Collected data entries:
--
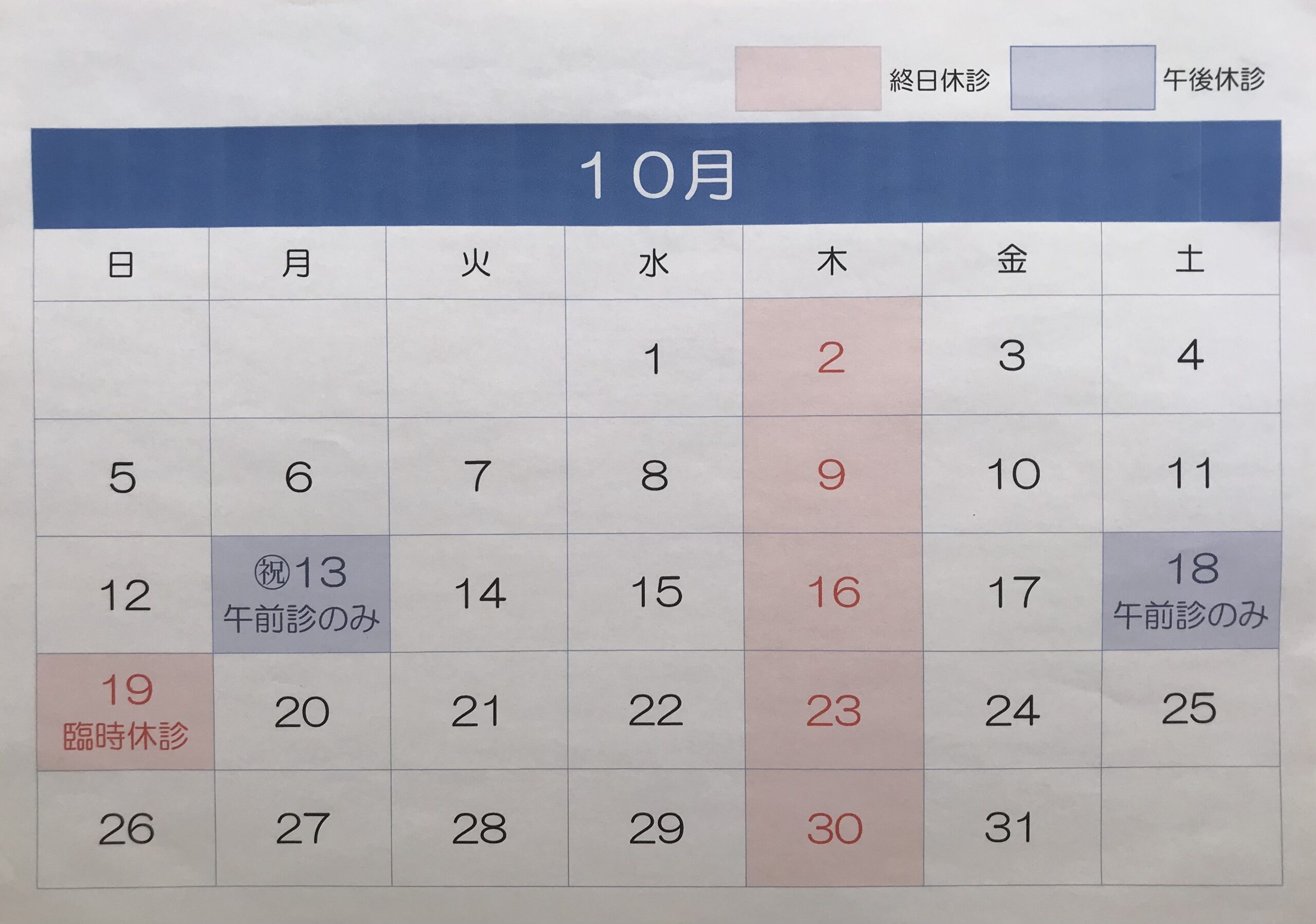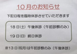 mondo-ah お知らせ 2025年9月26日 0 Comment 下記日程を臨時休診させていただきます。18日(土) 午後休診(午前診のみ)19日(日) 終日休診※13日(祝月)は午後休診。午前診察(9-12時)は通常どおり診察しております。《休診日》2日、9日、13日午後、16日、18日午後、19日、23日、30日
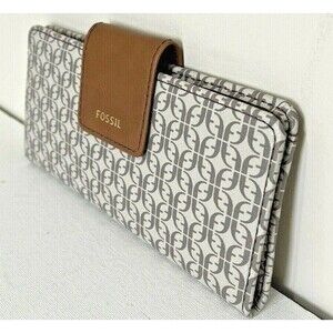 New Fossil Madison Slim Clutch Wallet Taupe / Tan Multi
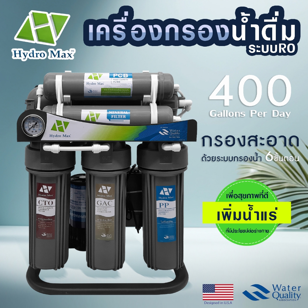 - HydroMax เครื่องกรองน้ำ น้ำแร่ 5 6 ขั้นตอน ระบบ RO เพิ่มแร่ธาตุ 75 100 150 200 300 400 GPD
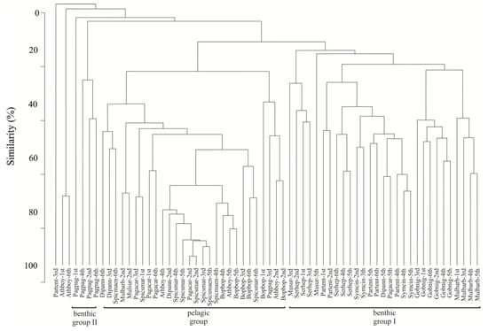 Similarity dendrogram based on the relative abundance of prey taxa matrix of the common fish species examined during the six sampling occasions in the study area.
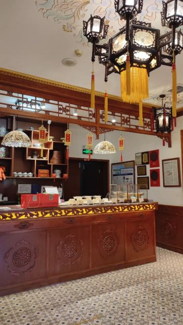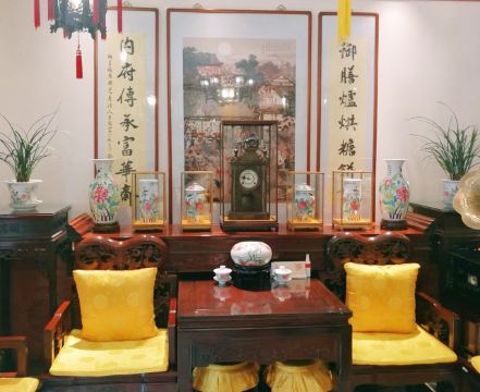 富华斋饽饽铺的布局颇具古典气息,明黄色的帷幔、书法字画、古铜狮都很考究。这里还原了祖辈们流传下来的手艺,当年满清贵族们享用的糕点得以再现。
--
§ What to do:
This exercise asks for the data above to be given again exactly, without pictures.

§ Exercise result:
 mondo-ah お知らせ 2025年9月26日 0 Comment 下記日程を臨時休診させていただきます。18日(土) 午後休診(午前診のみ)19日(日) 終日休診※13日(祝月)は午後休診。午前診察(9-12時)は通常どおり診察しております。《休診日》2日、9日、13日午後、16日、18日午後、19日、23日、30日
 New Fossil Madison Slim Clutch Wallet Taupe / Tan Multi
 - HydroMax เครื่องกรองน้ำ น้ำแร่ 5 6 ขั้นตอน ระบบ RO เพิ่มแร่ธาตุ 75 100 150 200 300 400 GPD
 Similarity dendrogram based on the relative abundance of prey taxa matrix of the common fish species examined during the six sampling occasions in the study area.
 富华斋饽饽铺的布局颇具古典气息,明黄色的帷幔、书法字画、古铜狮都很考究。这里还原了祖辈们流传下来的手艺,当年满清贵族们享用的糕点得以再现。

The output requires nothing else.